我认为我为你的任务找到了一个只使用shell和awk的线性解决方案,但是我要提醒你,它一点都不好看,你需要在你的输出文件中添加头:

echo "TimeStamp,P1_Total,P1_High,P1_Norm,P1_Low,P2_Total,P2_High,P2_Norm,P2_Low,P3_Total,P3_High,P3_Norm,P3_Low,P4_Total,P4_High,P4_Norm,P4_Low,P5_Total,P5_High,P5_Norm,P5_Low" >> final_output.txt

for i in `seq 1 5` 
do 
l=$((i-1))
r=$((5-i))
awk -v left_padd=${l} -v right_padd=${r} -v nb=${i} '{gsub(/]/, "", $14)} {if ($4 ~ "Program" nb) {printf $1" "$2" "$3", "; for(a=0;a<left_padd;a++) printf "0,\t 0,\t 0,\t 0,\t "; printf $8",\t "$10",\t "$12",\t "$14",\t "; for(b=0;b<right_padd;b++) printf "0,\t 0,\t 0,\t 0,\t "; print "\n"} }' sample.log
done >> final_output.txt

*** Please, note you must change the 5 in seq 1 5 to the number of Program# entries you wish to have in your output file, I used 5 as that was in your example. Also, you need to change the 5 in r=$((5-i)) to the same value as well.

***请注意,您必须将seq 1 5中的5更改为您希望在输出文件中包含的程序#条目的数量,我在示例中使用了5。此外,还需要将r=$(5-i)中的5也更改为相同的值。

Explanation:

解释:

  • The for loop passes the file every time to search for a Program# entry with awk.
  • for循环每次都传递文件以搜索带有awk的程序#条目。
  • The l variable counts how many 0 values it should add at the left of your table.
  • l变量计算它应该在表的左边添加多少个0值。
  • The r variable does the same as the l value only it adds 0 values to the right.
  • r变量的作用与l值相同只是向右增加了0个值。
  • The nb variable stores the Program # so the awk part knows which lines it should look for in the input file.
  • nb变量存储程序#,以便awk部分知道应该在输入文件中查找哪些行。
  • The awk merely prints out the values you asked for in the input file for each Program# entry as well as the preceding and trailing 0 values(4 0s for each Program#) for the other entries in the table.
  • awk仅仅打印出您在输入文件中要求的每个程序#条目的值,以及表中其他条目的前面和后面的0值(每个程序#的4个0)。

Edit:

编辑:

I used \t to delimit the values in awk so it's easier to read, but you may remove that so you only have comma separated values. I also changed the header convention from your answer from Program#_Total to P#_Total for the same reason.

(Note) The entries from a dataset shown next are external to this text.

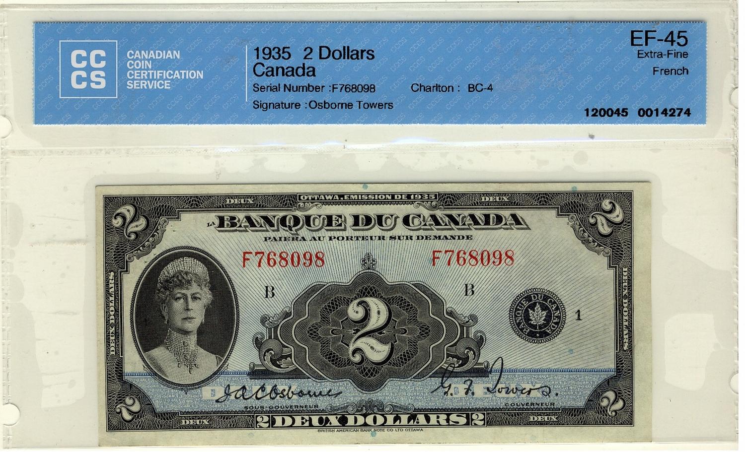 1935 $2 BC-4 F768098 CCCS EF45, a crisp, bright and clean note.
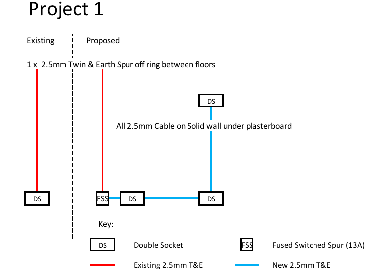 1. Adding sockets to an existing spur from the ring - I know is against the regs, what I'm suggesting is to replace the existing spur socket with a switched fused unit (13A) and then run three double sockets in series (two at low level, one at high level). i realise total load for all three sockets is limited to 13A - see attached Project 1 diagram
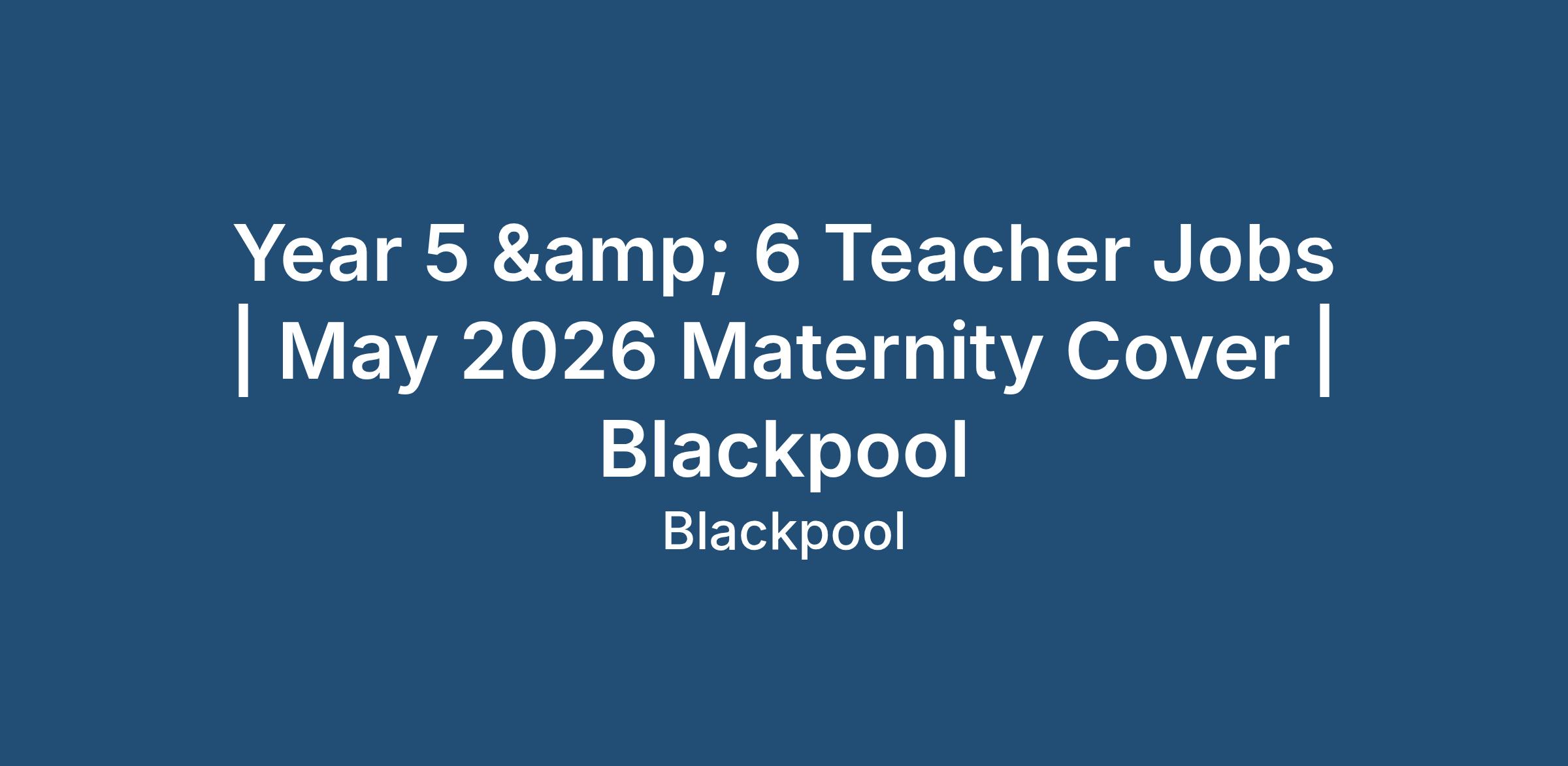 Year 5 & 6 Teacher Jobs | May 2026 Maternity Cover | Blackpool

我使用了\t来分隔awk中的值,这样更容易阅读,但是您可以删除它们,这样您就只有逗号分隔的值了。出于同样的原因,我还将标题约定从程序#_Total更改为p# _Total。

*I do realize this is not optimal at all, as the file gets parsed multiple time for each Program# entry, and you also need to add the header yourself in the output file, yet it's the best I could come up with.

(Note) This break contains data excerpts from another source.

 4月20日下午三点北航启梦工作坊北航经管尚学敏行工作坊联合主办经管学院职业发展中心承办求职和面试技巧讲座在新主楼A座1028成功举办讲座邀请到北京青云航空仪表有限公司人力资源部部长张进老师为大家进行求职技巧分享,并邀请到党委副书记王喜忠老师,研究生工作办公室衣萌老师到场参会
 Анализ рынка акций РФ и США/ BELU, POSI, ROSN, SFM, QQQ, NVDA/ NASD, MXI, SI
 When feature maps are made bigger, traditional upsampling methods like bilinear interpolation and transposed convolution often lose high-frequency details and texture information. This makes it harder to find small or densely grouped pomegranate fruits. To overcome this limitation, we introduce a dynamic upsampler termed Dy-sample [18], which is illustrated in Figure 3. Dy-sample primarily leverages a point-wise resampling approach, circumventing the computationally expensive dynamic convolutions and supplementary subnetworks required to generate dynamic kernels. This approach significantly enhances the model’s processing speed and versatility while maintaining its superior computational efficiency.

*我确实意识到这不是最优的,因为文件会为每个程序#条目解析多个时间,而且您还需要在输出文件中添加标题,但这是我能想到的最好的。

#2


1  

Use cut by using space as divider, then preserve only the fields you need. Once done, use sed to replace spaces with commas.

用空格作为分隔符,然后只保留你需要的字段。一旦完成,使用sed将空格替换为逗号。

cut -d ' ' -f 1,2,3,8,10,12,14 && sed 's/ /,/g'

By using into a while .. read loop you can iterate it in each line.

用一段时间。读循环可以在每行中迭代它。

#3


1  

If Perl is in the options, how about:

如果在选项中有Perl,那么如何:

#!/bin/bash

perl -e '
while (<>) {
    if (/^(.{15}) Program(\d+): The pool size: (\d+) \[High: (\d+) Norm: (\d+) Low: (\d+)\]$/) {
        $timestamp = $1;
        $program = $2;
        $size = $3;
        $high = $4;
        $norm = $5;
        $low = $6;
        if (! defined $array{$timestamp}) {
            # it takes care of duplicate timestamps
            push(@timestamps, $timestamp);
        }
        $i = ($program - 1) * 4;
        @{$array{$timestamp}}[$i .. $i + 3] = ($size, $high, $norm, $low);
    }
}
foreach (@timestamps) {
    print "$_,", join(",", map {$_ + 0} @{$array{$_}}[0 .. 15]), "\n";
}' logfile

BTW it looks like Program5 is excluded in your desired result. If you want to include it, just modify the number 15 in the 2nd last line into 19.

看起来程序5被排除在你想要的结果中。如果你想要包含它,只需将第二行中的数字15修改为19。